Diet and the immune system
Professor Philip Calder
The immune system is the individual’s means of protection against pathogenic organisms including bacteria, viruses, fungi and parasites. The immune system also helps to deal with cancer cells, is involved in the response to injury and to some environmental irritants, provides tolerance to non-threatening environmental agents including proteins in foods and commensal bacteria living in the gastrointestinal tract and on the skin. Thus, a well-functioning immune system is vital to health.
The response of the immune system to challenges involves many different cell types acting together in a carefully orchestrated way to assure an appropriate reaction to the identified threat. The different cell types have their own specific roles within the response. To achieve an effective immune response, the cells move through the bloodstream between body compartments, interact closely with one another, and produce a range of chemical agents. Some of these chemicals are damaging to pathogens, while others play a role controlling the activities of the immune cells themselves.
Although it is dispersed throughout the body, the immune system has a size that is comparable to that of the liver or brain. The immune response has a high demand for energy and for building blocks. The latter are used to produce new cells and as substrates for the synthesis of important immune factors such as antibodies, cytokines (hormone-like proteins that are active within the immune response) and acute phase proteins. The increase in metabolism that accompanies an active immune response also has a demand for co-factors and regulatory molecules including several vitamins and minerals; vitamin A, zinc, copper, iron and magnesium are important in these roles. Thus, mounting an effective immune response requires significant input of energy yielding substrates, of building blocks, and of regulatory molecules.
The immune response’s demands must be met from the diet or from body stores, which are, in turn, derived from the diet. Hence good nutrition is vital to ensure an appropriate immune response. Dietary components that have been shown to be important in supporting the immune response include a number of trace elements, several water soluble and fat soluble vitamins, essential and some non-essential amino acids, and polyunsaturated fatty acids. Typically these are important as building blocks or as regulatory molecules. It may be that some other dietary components such as certain plant polyphenolic compounds are also important, but these have been less extensively studied.
Since a broad range of dietary components are necessary to support an immune response, poor nutrition is associated with a weakened immune response and with increased susceptibility to infection.
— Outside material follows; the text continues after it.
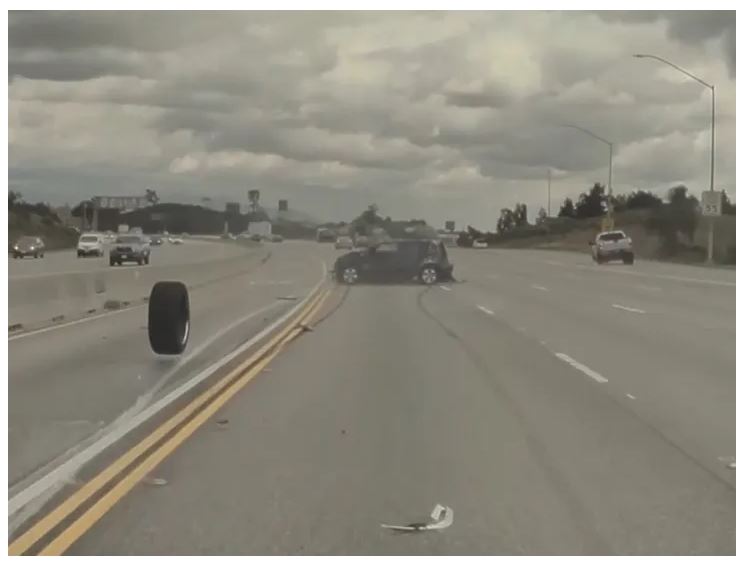 Dashcam-video gefilmd door Tesla van Anoop Khatra heeft een ongelooflijk ongeval op de Ronald Reagan Freeway in L.A. vastgelegd. De linker voorband van de pick-up kwam los, waarna de losse band de Kia Soul de lucht in stuurde. De Kia maakte een salto in mid-air voordat hij landde. Er werden geen grote verwondingen gerapporteerd, maar de chauffeur van de pick-up slaagde erin om angstig de snelweg af te rijden met maar 3 wielen.

This may be a problem in many population sub-groups including those with diseases that interfere with normal digestion, absorption and handling of nutrients, such as inflammatory bowel disease, short bowel syndrome or cystic fibrosis.
The immune system develops over the first years of life and its response declines in later life; the latter decline has been termed immunosenescence. Hence, there are periods of the lifecourse where individuals may manifest a sub-optimal immune response and during these periods they may be more likely to become infected and to fare poorly once infected. Another aspect of a poorer immune response at either end of the lifecourse is a poorer responsiveness to vaccination. This results in a waste of resource and creates a false sense of security in the recipients. These risks of poor immune response and increased susceptibility to infection will be exaggerated in the less well nourished. Thus, appropriate nutrition is likely to be important in ensuring good development and maturation of the immune system in infancy and early childhood and in preventing age-related immune decline. Therefore, an appreciation of the importance of good nutrition to the immune system is important across the range of health professionals.
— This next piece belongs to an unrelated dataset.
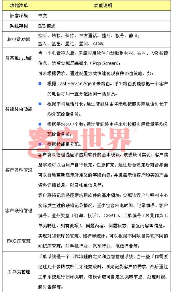 呼叫中心是企業(yè)和客戶互動的溝通平臺,要真正有效管理客戶服務(wù),優(yōu)化客戶服務(wù)處理流程,座席應(yīng)用軟件是呼叫中心建設(shè)的關(guān)鍵,座席應(yīng)用軟件與企業(yè)后臺各個業(yè)務(wù)系統(tǒng)有機(jī)結(jié)合,處理包括業(yè)務(wù)咨詢、信息查詢、投訴建議、業(yè)務(wù)受理等呼入業(yè)務(wù),以及客戶回訪、滿意度調(diào)查、電話營銷和派工等呼出業(yè)務(wù)。

One area that is currently receiving significant attention is the role of what is called the gut-associated immune system. This extensive and well organized structure has the role of sampling antigens within the gut lumen (arising from food or microorganisms) and then mounting an appropriate defensive or tolerogenic (i.e., mild, non-destructive) response. Recent studies suggest communication between microbes in the gut lumen and the host’s immune system, with the nature of this communication playing an important regulatory role. Such observations have given rise to ideas that modifying the microbes present in the gut lumen may provide a means by which to modify host immune responses. The aim of this would be to improve host defenses or to lower the risk of, or to treat, a disease involving an adverse immune response, such as inflammatory bowel disease. Two strategies to modify the microbes in gut have been investigated. The first is to consume live microbes (referred to as probiotics) thought to promote the required response. The second is to consume food ingredients, usually indigestible sugars, that act as substrates to promote the growth of the desired microbes; these are referred to as prebiotics. Although both of these approaches do act to modify the microbial populations residing in the gut lumen, especially the colon, the subsequent health effects are less well established. Therefore these are currently the focus of much research.
In conclusion, the immune system is important to health, enabling the host to live in a pathogen-rich environment, to cope with exposures to foreign antigens in food, and to exist peacefully with huge numbers of harmless microorganisms in the gut, on the skin and elsewhere. The immune system develops early in life and declines with ageing. A weakened immune response is associated with increased susceptibility to infections, an impaired ability to cope with being infected, and a poor response to vaccination. Poor nutrition exaggerates these states, while good nutrition better assures appropriate immune responses.
Key point: Good nutrition is important to support the immune response.